It'd be nice if that were the case, but instead of doing that, the Orioles got very involved in free agency, went out and got J.J. Hardy, Derrek Lee, Mark Reynolds, Vladimir Guerrero, Justin Duchscherer and Kevin Gregg. Average age: 31.8.

They're not all old and I don't dislike all of the signings, but why the urgency? Why the apparently desperate need to compete now when they probably won't?
I encourage you to read the whole post. Swafford made some strong points, some of which have been brought up by other baseball analysts, and even O's fans themselves.

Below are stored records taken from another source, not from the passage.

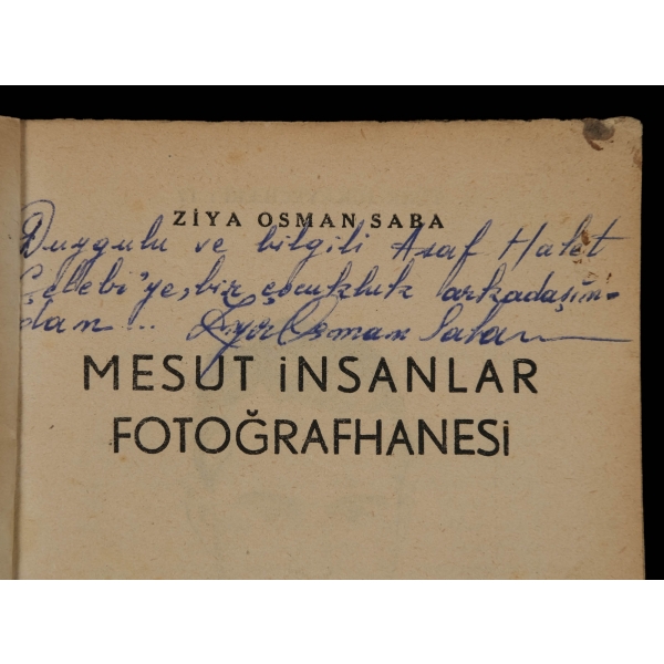 "Kültür müşteşarı", Türk eğitimci yazar, modern Türk kütüphanelerinin kurucularından Adnan Ötüken'e ithaflı ve imzalı.... İthaf, "Kültür müşteşarı Sayın Ötüken´e sevgilerimle. 1966" şeklindedir.
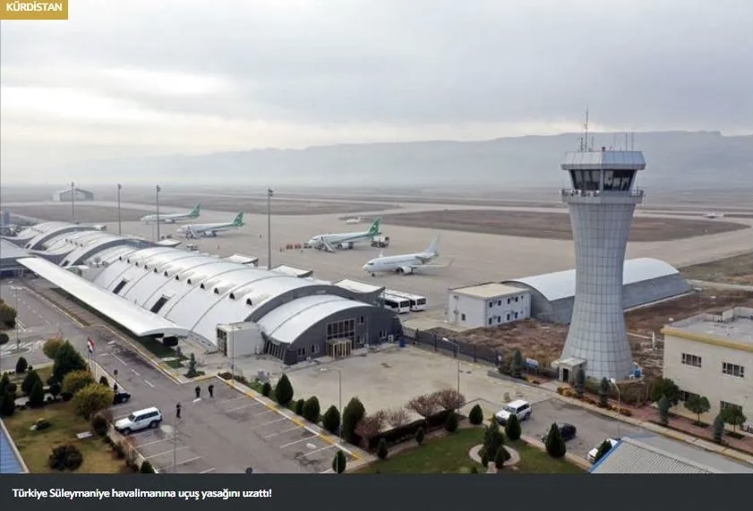 Η απαγόρευση πτήσεων της Τουρκίας στο Διεθνές Αεροδρόμιο της Σουλεϊμανίγια ξεκίνησε στις 3 Απριλίου 2023. Η απαγόρευση παρατάθηκε πολλές φορές.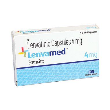 Lenvamed 4mg Capsule is used to treat certain types of cancers like differentiated thyroid cancer, liver cancer, kidney cancer, and endometrial cancer. It works by blocking specific proteins that promote cancer cell growth and spread, and reducing tumor size in affected individuals.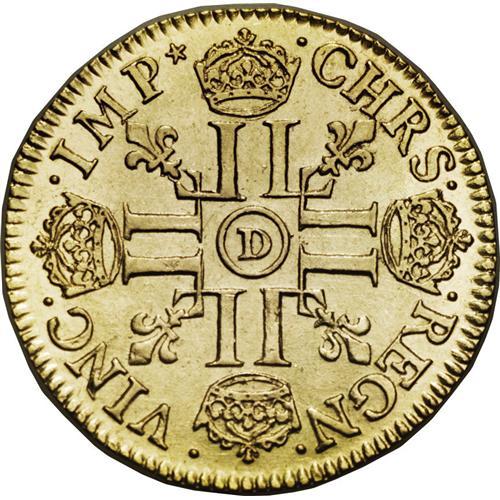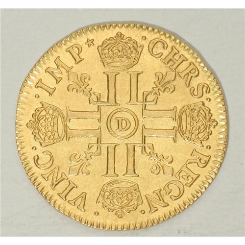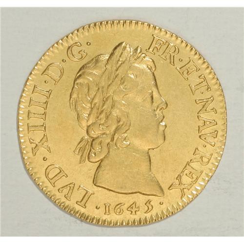 <B>Louis XIV gold Louis d'or a la meche courte 1645D (Lyon),</B></I> Laureate bust right/ A cross of four cruciform, crowned double L's, fleur de lis in angles, F-415, Gad-244, Dup-1419, Ciani-1781, 6.74 gm, lustrous AU. A rare, low mintage (8,150 pieces) issue of a very elusive type.<BR><I>From the Sanssouci Collection</B></I><BR><BR><b>Shipping:</b> Coin/Currency (<a target="_blank" href="http://www.heritageauctions.com/common/shipping.php">view shipping information</a>)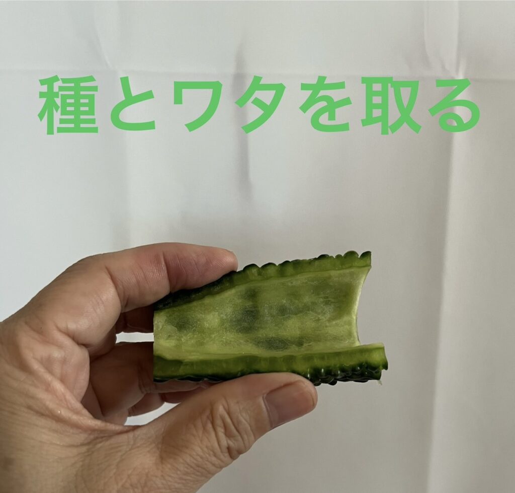 ゴーヤの苦みは多くがワタと種にあるため、スプーンできれいに取り除きます。

But here are a few points before I get to my main problem with the piece:
  • Yes, the O's did sign or trade for all of those players listed above. Hardy, Lee, Guerrero, and Duchscherer are all signed to one-year deals. Gregg signed a two-year deal, and sure, that was far from the best signing. And Reynolds has a guaranteed deal through 2012, with a club option for 2013. I'm not arguing that all of those deals are fantastic and will definitely work out, but they hardly strain the organization's position financially like Carlos Lee's six-year, $100 million deal in 2007 with the Astros.
  • The O's did not trade away a bunch of young talent in an effort to get better overnight. The best player the O's traded, David Hernandez, is a reliever. Kam Mickolio and Jim Hoey are also relievers who either couldn't stay healthy or simply weren't very effective (or both), and Brett Jacobson, another reliever, is 24 and hasn't played above Single A. Those players -- four relievers -- still have some value, but not a ton of upside. So it's not like the O's took an enormous gamble or anything on Reynolds or Hardy.
  • No one thinks the O's are going to the World Series. Even the most optimistic fans would be thrilled with third place -- not that that's the ultimate goal (it's obviously not), but still. It's possible that Andy MacPhail made a few of the team's moves (like the Guerrero signing) to improve the team in the short term, which would be unfortunate. But even someone like Guerrero could possibly be flipped at the trade deadline for a younger player or two, as could several other veterans.
Really, though, my problem is with Swafford's thinking that many of these signed players are blocking MLB-ready talent. To me, there are only two cases where that applies:

1) Guerrero, who's signing may block Felix Pie/Nolan Reimold
2) Duchscherer, who may force Chris Tillman (or another young starter) back to Triple A

That's it. Reynolds, Hardy, and Lee are not blocking anyone in the infield. Josh Bell has recently been working out at first base, but he showed last season that he's not close to being ready to assuming any kind of everyday role. Brandon Snyder probably isn't ready either, if he ever will be. With Guerrero serving as the O's designated hitter, Luke Scott will move to left field, which will likely force Pie and Reimold to either the bench or the minors. It would be nice to see both get regular playing time, so in that sense, Guerrero does seem to be blocking them. But, as I've mentioned before, Pie is 26 and Reimold is 27; we're not talking about young up-and-comers here.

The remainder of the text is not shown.